• EXERCISE DATA:

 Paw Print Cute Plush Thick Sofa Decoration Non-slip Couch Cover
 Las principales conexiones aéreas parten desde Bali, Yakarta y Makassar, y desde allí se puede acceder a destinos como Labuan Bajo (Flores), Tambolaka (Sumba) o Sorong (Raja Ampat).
--
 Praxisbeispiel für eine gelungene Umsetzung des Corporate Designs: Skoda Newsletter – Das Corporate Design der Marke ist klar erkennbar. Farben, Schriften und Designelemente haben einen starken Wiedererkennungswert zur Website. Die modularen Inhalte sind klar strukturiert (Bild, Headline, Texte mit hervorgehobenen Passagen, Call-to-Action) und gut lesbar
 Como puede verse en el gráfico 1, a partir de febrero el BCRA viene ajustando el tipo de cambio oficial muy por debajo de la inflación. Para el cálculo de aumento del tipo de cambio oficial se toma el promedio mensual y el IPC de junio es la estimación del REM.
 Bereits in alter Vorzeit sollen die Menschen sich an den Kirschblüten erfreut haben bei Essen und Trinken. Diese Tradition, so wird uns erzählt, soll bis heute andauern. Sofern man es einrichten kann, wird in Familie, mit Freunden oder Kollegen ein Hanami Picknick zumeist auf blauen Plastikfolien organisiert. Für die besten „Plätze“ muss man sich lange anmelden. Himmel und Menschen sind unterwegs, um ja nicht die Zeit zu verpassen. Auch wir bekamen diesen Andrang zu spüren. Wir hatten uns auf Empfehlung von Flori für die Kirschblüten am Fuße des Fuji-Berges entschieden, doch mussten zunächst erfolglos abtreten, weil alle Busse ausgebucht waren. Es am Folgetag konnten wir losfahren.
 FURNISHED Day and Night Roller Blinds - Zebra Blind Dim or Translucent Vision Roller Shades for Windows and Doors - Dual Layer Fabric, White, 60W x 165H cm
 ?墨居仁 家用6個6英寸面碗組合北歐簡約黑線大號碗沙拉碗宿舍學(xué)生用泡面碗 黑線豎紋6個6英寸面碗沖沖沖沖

• YOUR INSTRUCTIONS:
Reproduce exactly, and with no other material, the lines between those holding "Paw Print Cute" and "Las principales conexiones", inclusive.

• SOLUTION FOR THIS PROBLEM:
 Paw Print Cute Plush Thick Sofa Decoration Non-slip Couch Cover
 Las principales conexiones aéreas parten desde Bali, Yakarta y Makassar, y desde allí se puede acceder a destinos como Labuan Bajo (Flores), Tambolaka (Sumba) o Sorong (Raja Ampat).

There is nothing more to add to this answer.